# [Task input]

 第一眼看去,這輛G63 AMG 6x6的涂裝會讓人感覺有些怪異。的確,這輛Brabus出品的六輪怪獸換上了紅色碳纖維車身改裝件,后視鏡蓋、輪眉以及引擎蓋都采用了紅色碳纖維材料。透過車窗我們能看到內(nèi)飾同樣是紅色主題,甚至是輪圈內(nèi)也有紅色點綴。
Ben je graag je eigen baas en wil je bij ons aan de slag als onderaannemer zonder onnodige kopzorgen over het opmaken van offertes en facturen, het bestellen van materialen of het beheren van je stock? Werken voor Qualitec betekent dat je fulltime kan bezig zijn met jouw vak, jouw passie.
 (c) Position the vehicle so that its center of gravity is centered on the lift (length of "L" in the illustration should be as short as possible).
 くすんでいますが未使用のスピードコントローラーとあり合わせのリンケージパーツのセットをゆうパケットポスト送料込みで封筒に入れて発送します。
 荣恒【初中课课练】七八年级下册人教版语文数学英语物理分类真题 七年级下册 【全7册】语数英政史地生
==
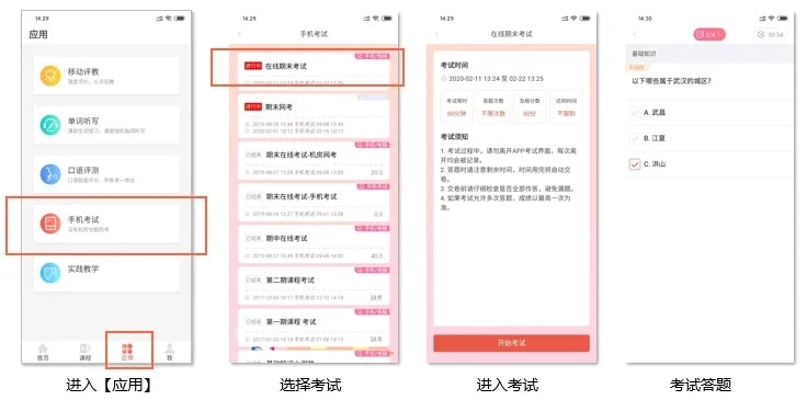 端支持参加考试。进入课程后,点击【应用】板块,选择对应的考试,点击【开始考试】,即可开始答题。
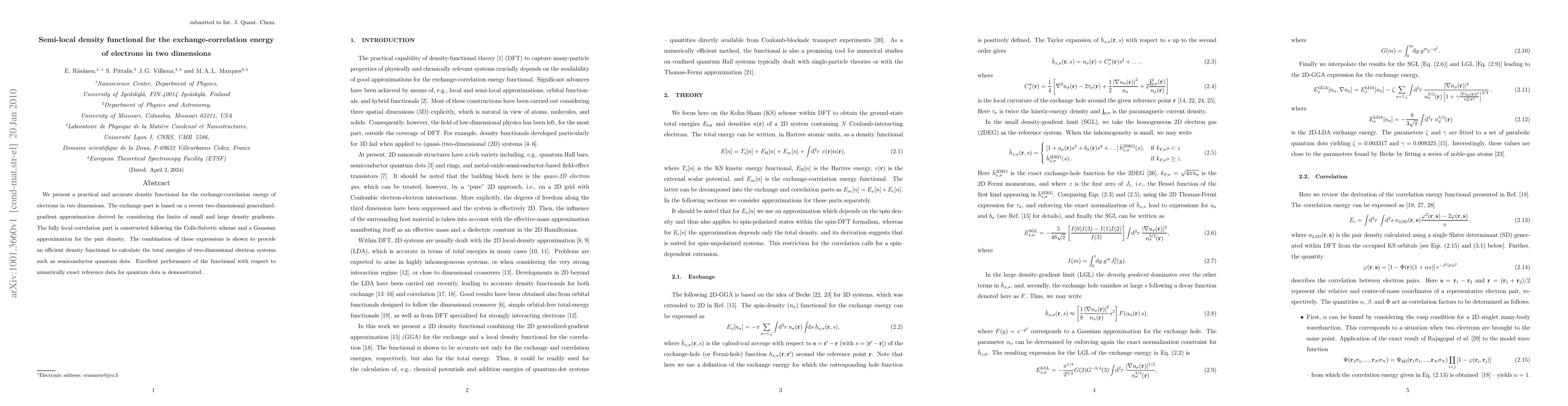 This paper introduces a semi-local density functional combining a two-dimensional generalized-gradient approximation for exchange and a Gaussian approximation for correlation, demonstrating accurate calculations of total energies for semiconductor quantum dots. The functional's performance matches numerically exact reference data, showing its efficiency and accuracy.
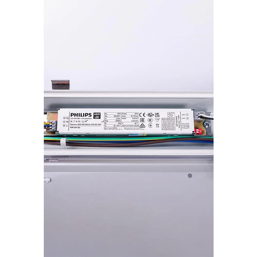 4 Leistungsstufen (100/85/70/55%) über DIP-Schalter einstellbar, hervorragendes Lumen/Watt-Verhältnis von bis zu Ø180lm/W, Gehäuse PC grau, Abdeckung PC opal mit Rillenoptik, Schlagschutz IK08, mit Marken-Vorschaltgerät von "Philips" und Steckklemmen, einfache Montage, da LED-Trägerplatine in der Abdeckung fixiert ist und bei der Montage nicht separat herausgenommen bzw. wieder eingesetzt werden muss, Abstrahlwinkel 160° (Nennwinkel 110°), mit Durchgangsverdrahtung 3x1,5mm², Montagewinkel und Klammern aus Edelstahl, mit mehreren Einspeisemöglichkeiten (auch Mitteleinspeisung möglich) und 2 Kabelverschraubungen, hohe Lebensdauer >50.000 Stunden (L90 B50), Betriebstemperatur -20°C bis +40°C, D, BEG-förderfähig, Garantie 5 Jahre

# [Work request]
Write out, from the lines above, only those from the line with "くすんでいますが未使用のスピ" to the line with "荣恒【初中课课练】七八年级下册人教版语文数学英语物理分类真题 七年级下册 【全7册】语数英政史地生", exactly as given, including the first and the last.

# [Task result]
 くすんでいますが未使用のスピードコントローラーとあり合わせのリンケージパーツのセットをゆうパケットポスト送料込みで封筒に入れて発送します。
 荣恒【初中课课练】七八年级下册人教版语文数学英语物理分类真题 七年级下册 【全7册】语数英政史地生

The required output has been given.